• _Assignment_
The material below holds pictures; leave them out, and copy exactly, and only, the lines from the one with "Dimensiones (cm) Longitud" through the last.

• _Given data_
———
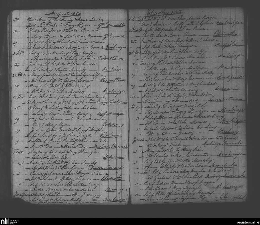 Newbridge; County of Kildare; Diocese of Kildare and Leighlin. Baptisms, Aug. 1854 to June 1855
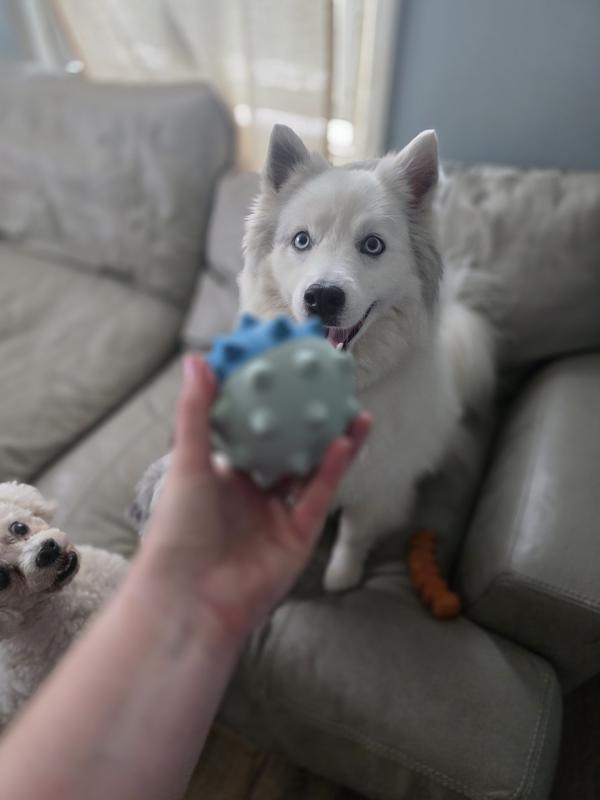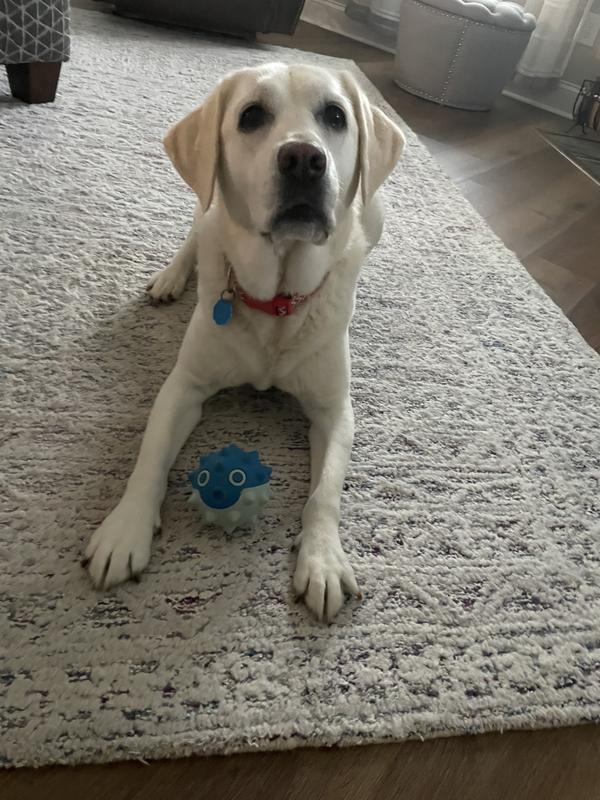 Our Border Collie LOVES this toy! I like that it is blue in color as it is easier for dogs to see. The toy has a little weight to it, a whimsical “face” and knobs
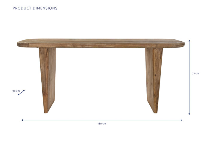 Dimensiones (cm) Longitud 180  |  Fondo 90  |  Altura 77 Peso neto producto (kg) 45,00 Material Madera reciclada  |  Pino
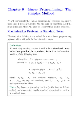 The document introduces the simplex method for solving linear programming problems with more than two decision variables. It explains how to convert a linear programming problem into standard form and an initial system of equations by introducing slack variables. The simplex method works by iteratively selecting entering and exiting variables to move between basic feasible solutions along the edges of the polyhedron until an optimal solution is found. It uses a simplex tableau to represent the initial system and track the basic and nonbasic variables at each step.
———
• _Response box_
 Dimensiones (cm) Longitud 180  |  Fondo 90  |  Altura 77 Peso neto producto (kg) 45,00 Material Madera reciclada  |  Pino
 The document introduces the simplex method for solving linear programming problems with more than two decision variables. It explains how to convert a linear programming problem into standard form and an initial system of equations by introducing slack variables. The simplex method works by iteratively selecting entering and exiting variables to move between basic feasible solutions along the edges of the polyhedron until an optimal solution is found. It uses a simplex tableau to represent the initial system and track the basic and nonbasic variables at each step.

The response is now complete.